Собственные труды и беспокойства при этих сметах обыкновенно вовсе не принимаются в соображения, потому что время и руки ничего не стоят.

При такой дешевизне, бережливости и ограниченности своих потребностей Вязмитннов умел жить так, что бедность из него не глядела ни в одну прореху. Он был всегда отлично одет, в квартире у него было чисто и уютно, всегда он мог выписать себе журнал и несколько книг, и даже под случай у него можно было позаимствоваться деньжонками, включительно от трех до двадцати пяти рублей серебром.

Зарницын, единственный сын мелкопоместной дворянской вдовы, был человек другого сорта. Он жил в одной просторной комнате с самым странным убранством, которое всячески давало посетителю чувствовать, что квартирант вчера приехал, а завтра непременно очень далеко выедет. Даже большой стенной ковер, составлявший одну из непоследних «шикозностей» Зарницына, висел микось-накось, как будто его здесь не стоило прибивать поровнее и покрепче, потому что владелец его скоро вон выедет.

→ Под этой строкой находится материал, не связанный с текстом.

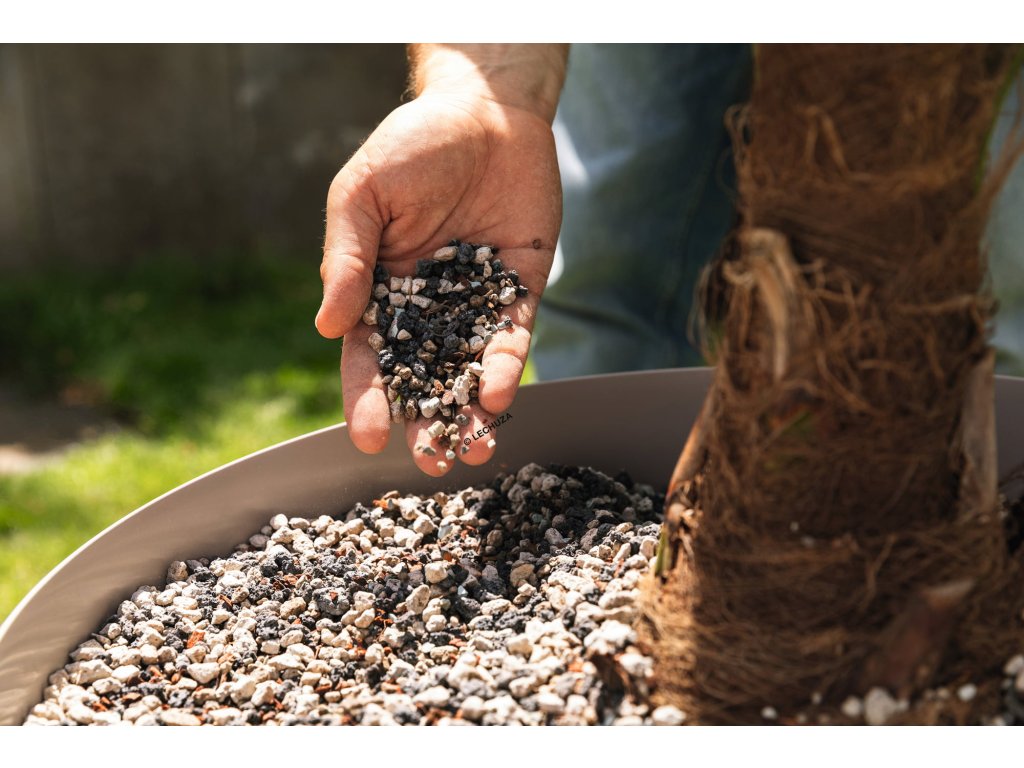 Složení: kámen (pemza, černá láva), zeolit, borová kůra, hnojivo (zejména pro palmy)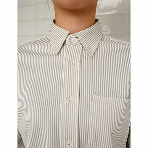 他の画像を見る シャツ ワイシャツ 住商モンブラン ストライプシャツ ボタンダウン 長袖 SS001-22・72・92 飲食店 制服 ユニフォーム メンズ レディース レストラン カフェ おしゃれ かわいい 可愛い かっこいい 特別価格 ¥ 4,400 税込 美しい立ち姿と動きやすさを両立させた長袖のストライプシャツ。袖下のマチやバックスタイルのタック位置の工夫により動きやすい機能設計です。 詳細を見る お気に入りに登録する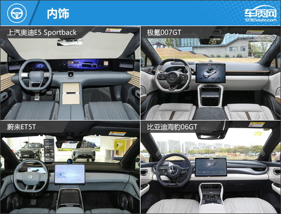 内饰方面,四款车型的设计都比较简约,减少了物理按键数量并取消传统空调控制面板,使其看上去干净利落。同时,除了上汽奥迪E5 Sportback采用贯穿式屏幕之外,其余三款车型的中控屏均为中置悬浮式设计。细节方面,上汽奥迪E5 Sportback仪表台和车门饰板有着强烈的对比,强调不同材质营造出的质感;比亚迪海豹06GT则延续了海洋网家族式设计,大量曲线线条的加入呼应了海洋主题。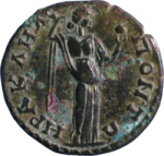 Aphrodite standing facing, head right, draping herself peplos over right shoulder and holding apple in left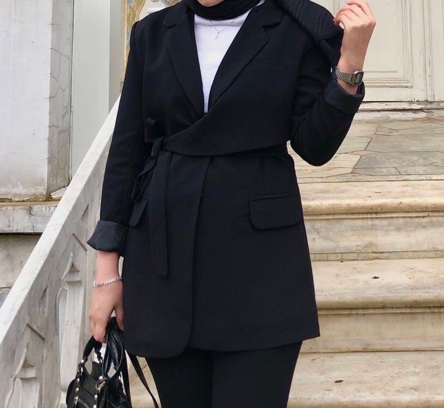 Siyah renkte, kemerli ve kesik yakalı kadın blazer ceket. Normal boyda, regular fit ve suni kumaştan üretilmiştir. Ofis ve günlük kullanıma uygundur.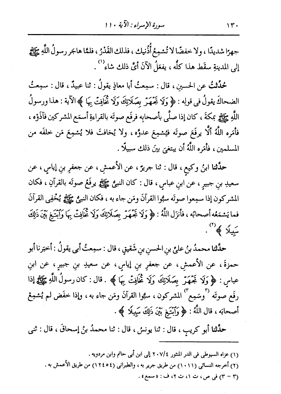 حَدَّثَنَا ابْنُ وَكِيعٍ، قَالَ: ثنا جَرِيرٌ، عَنِ الْأَعْمَشِ، عَنْ جَعْفَرِ بْنِ إِيَاسَ، عَنْ سَعِيدِ بْنِ جُبَيْرٍ، عَنِ ابْنِ عَبَّاسٍ، قَالَ: §كَانَ النَّبِيُّ صَلَّى اللهُ عَلَيْهِ وَسَلَّمَ يَرْفَعُ صَوْتَهُ بِالْقُرْآنِ، فَكَانَ الْمُشْرِكُونَ إِذَا سَمِعُوا صَوْتَهُ سَبُّوا الْقُرْآنَ، وَمَنْ جَاءَ بِهِ، فَكَانَ النَّبِيُّ صَلَّى اللهُ عَلَيْهِ وَسَلَّمَ يُخْفِي الْقُرْآنَ فَمَا يَسْمَعْهُ أَصْحَابُهُ، فَأَنْزَلَ اللَّهُ {وَلَا تَجْهَرْ بِصَلَاتِكَ وَلَا تُخَافِتْ بِهَا وَابْتَغِ بَيْنَ ذَلِكَ سَبِيلًا} [الإسراء: 110]

Каков был Зарницын в своей домашней обстановке, таков он был и во всем. Доктор Розанов его напрасно обзывал Рудиным: он гораздо более был Хлестаковым, чем Рудиным, а может быть, и это сравнение не совсем идет ему. Зарницын, находясь в положении Хлестакова, при тогдашней среде сильно тяготел бы и к хлестаковщине и к репетиловщине. В эпоху, описываемую в нашем романе, тоже нельзя сказать, чтобы он не тяготел к ним. Но в эту эпоху ни Репетилов не хвастался бы тем, что «шумим, братец, шумим»*, ни Иван Александрович Хлестаков не рассказывал бы о тридцати тысячах скачущих курьерах* и неудержимой чиновничьей дрожке, начинающейся непосредственно с его появлением в департамент. Позволительно думать, что они могли хлестаковствовать и репетиловствовать совсем иначе, изобличая известную солидарность натур с натурою несметного числа Зарни-цыных (которых нисколько не должно оскорблять такое сопоставление, ибо они никаким образом не могут быть почитаемы наихудшими людьми земли русской).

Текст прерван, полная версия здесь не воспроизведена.